▶ _Problem to work on_
Write out, word for word and with no pictures, each line below from the one containing "دستبند صدف و گل صدفی" through the one containing "Основная тема встречи", both included, and no other line.

──────── Dataset entries ────────

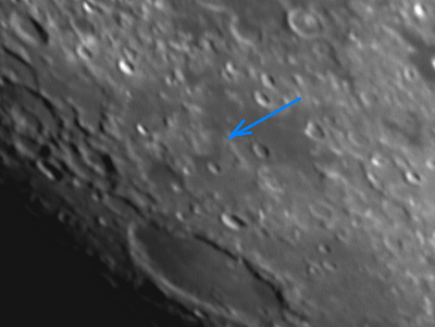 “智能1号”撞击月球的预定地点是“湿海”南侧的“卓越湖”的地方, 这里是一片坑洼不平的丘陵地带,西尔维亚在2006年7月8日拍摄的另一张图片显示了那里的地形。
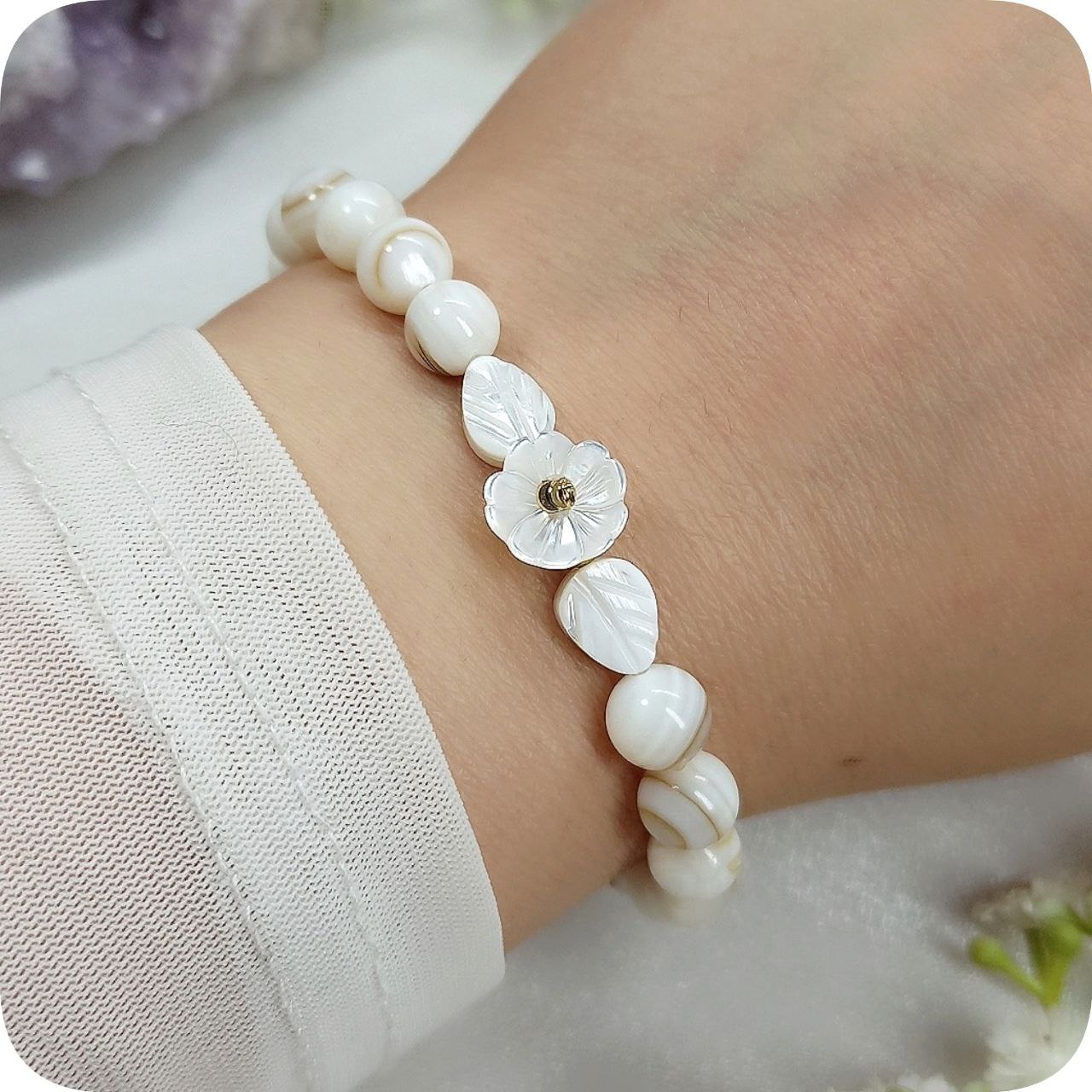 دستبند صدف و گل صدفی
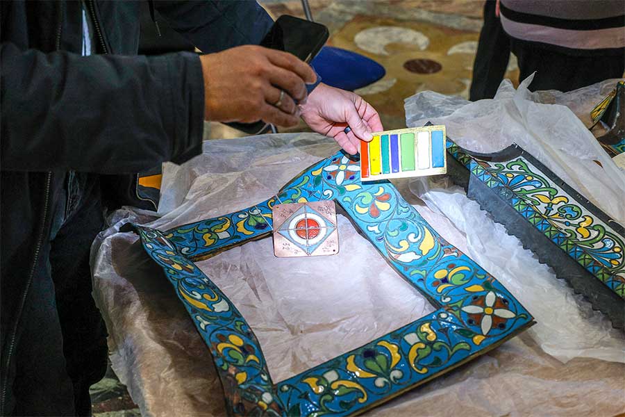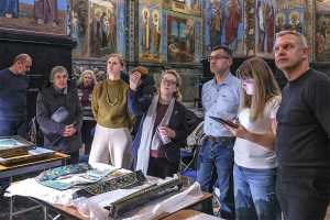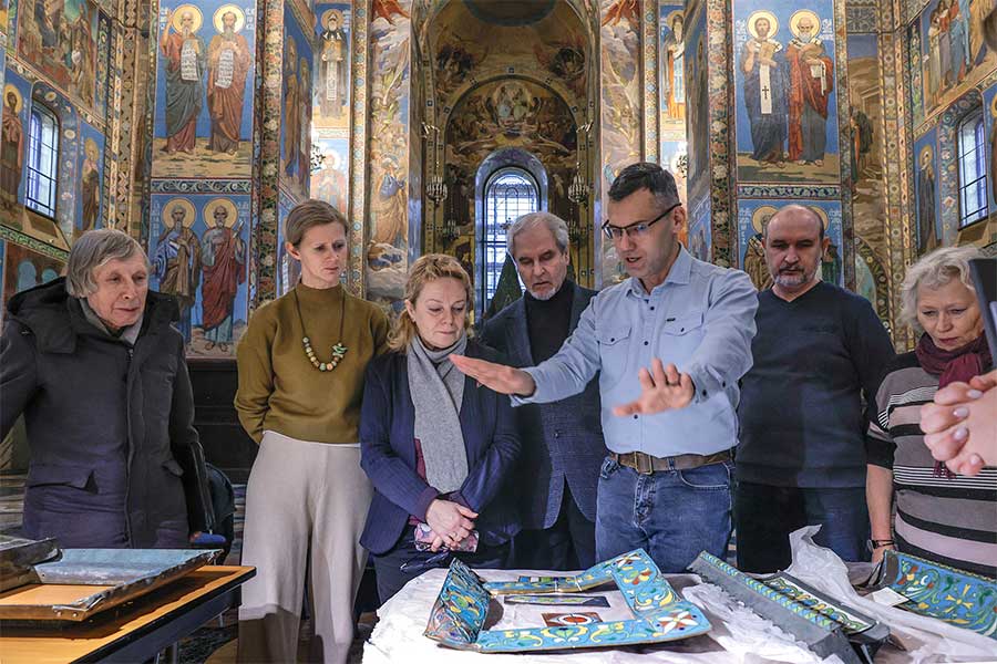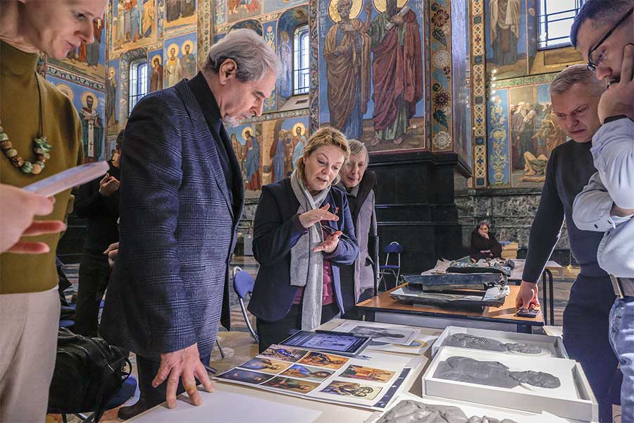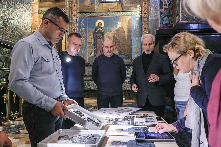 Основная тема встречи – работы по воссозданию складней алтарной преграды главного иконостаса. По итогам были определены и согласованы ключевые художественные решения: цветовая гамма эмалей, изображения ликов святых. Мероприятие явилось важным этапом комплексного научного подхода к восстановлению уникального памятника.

────────
──────── Dataset entries ────────

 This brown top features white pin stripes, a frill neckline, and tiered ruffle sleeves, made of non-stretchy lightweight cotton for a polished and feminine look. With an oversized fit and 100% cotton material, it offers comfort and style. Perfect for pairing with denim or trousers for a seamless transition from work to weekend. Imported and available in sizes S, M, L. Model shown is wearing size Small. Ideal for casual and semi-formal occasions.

────────

▶ _Completed task_
 دستبند صدف و گل صدفی
 Основная тема встречи – работы по воссозданию складней алтарной преграды главного иконостаса. По итогам были определены и согласованы ключевые художественные решения: цветовая гамма эмалей, изображения ликов святых. Мероприятие явилось важным этапом комплексного научного подхода к восстановлению уникального памятника.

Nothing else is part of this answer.